AUGUSTA — The Department of Marine Resources has hired a new scientist to lead its lobster sampling program.
Katherine Thompson, a Ph.D. student in marine biology at the University of Maine, will be responsible for the coordination, implementation and participation in the lobster sea sampling program in all seven of the state’s lobster management zones and will oversee the department’s juvenile lobster ventless trap survey. Thompson’s responsibilities will include supervision of DMR scientific staff and contractors who participate in those programs.
The sea sampling program places trained observers onto commercial lobster boats to gather data on the near shore lobster fishery. The ventless trap survey uses specially modified traps distributed along the coast to help the DMR characterize the juvenile lobster population in Maine waters.
Thompson will also manage the lobster research program database, oversee data entry compilation and annual summary statistics and reports for publication and will assist in writing grant reports. In addition, she will present survey results at lobster zone council meetings.
Thompson brings experience both in commercial fishing and fisheries research to her new position. Raised in a fishing family in New Harbor, Thompson served as a sternman for a Round Pond lobster fisherman during summers while she pursued a degree in biology from Smith College. The vessel she worked on participated in DMR’s ventless trap survey, providing her first experience with cooperative research.
After graduating, Thompson completed an internship in lobster research through the Bigelow Laboratory, focusing on the settlement index survey conducted by Richard Wahle of the University of Maine’s School of Marine Science.
In 2013, Thompson received her master’s degree in living marine resource science and management from the University of Massachusetts-Dartmouth’s School for Marine Science and Technology. Her thesis project provided the first conclusive evidence of semiannual scallop spawning in U.S. waters on Georges Bank, which has important implications for management of the fishery.
From 2013 to 2014, Thompson served as a supervisory research biologist for Coonamessett Farm Foundation, a scientific research and education foundation based in Falmouth, Mass.
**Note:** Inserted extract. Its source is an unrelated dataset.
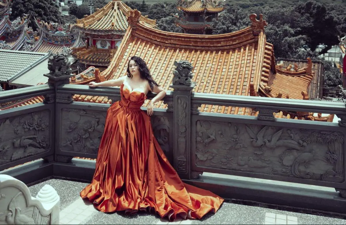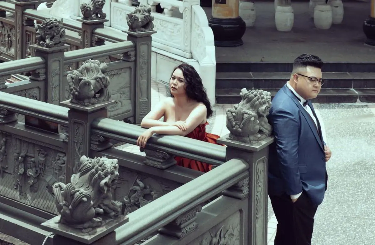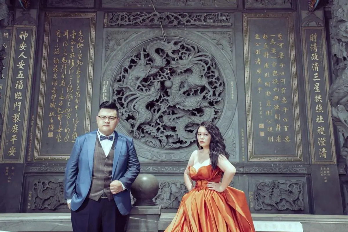 關於禮服和場景,穿插了陰錯陽差的小故事,原定計畫穿黑色禮服搭配水牛坑的戶外大景,橘色禮服搭配關渡宮,白紗搭配棚內場景,但其實我心裡的小宇宙,一直心心念念的「也想要」穿著橘色禮服在林安泰假山拍攝,當初在唯你婚紗門市看各個攝影師照片的時候,除了喜歡韋麟外拍作品唯黃和冷色交錯的美感,另外就是被其中一張新娘穿著桃紅色禮服站在假山的照片吸引,幻想著我穿著橘紅色禮服站在灰藍色岩石前留下對比顏色的衝突感,還有穿著黑色禮服在戶外大岩石的場景凸顯荒漠感,都是心裡期待很久的畫面,但我覺得很幽默的是,特地為了假山排了一個避開星期一(林安泰閉園)的日子拍攝,也正好各種因素,所以當天的行程就臨時調整成關渡宮、林安泰、棚內,關渡宮拍攝完後原本要直接去林安泰,殊不知!我在這時候竟然身體不舒服,於是只好先回棚內休息並換上黑色禮服前往林安泰,當車一開到門口,眼看就快要圓夢時,大滴雨就這麼不巧突然直落下,在時間和空間都天不時地不利的狀況下,我們回到棚內拍攝剩餘的黑色禮服和白紗。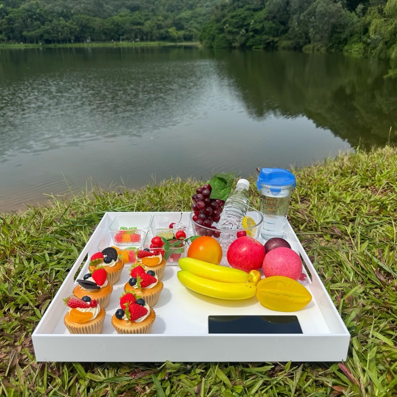 - Multifunctional: Serving tray for serving breakfast, appetizers, coffee, drinks, desserts, snacks, fruit, cheese, food; Decorative organizer tray for cosmetics, jewelry, remote, glasses, ornaments, magazines, Tray can be put on an ottoman, bed, coffee table and couch, It’s elegant to be put on any tabletop or countertop as accessory

In January 2015, she began her doctoral studies at the University of Maine, focusing on northern shrimp reproduction and distribution.
“I’m excited about working closely with industry, especially here in my home state,” Thompson said in a statement.
“Katherine’s experience in scientific research of multiple fisheries provides a strong foundation for her work here at DMR,” said Kathleen Reardon, the department’s lead lobster biologist. “She has the strong academic and practical experience in marine science and commercial fishing to help move our monitoring programs forward.”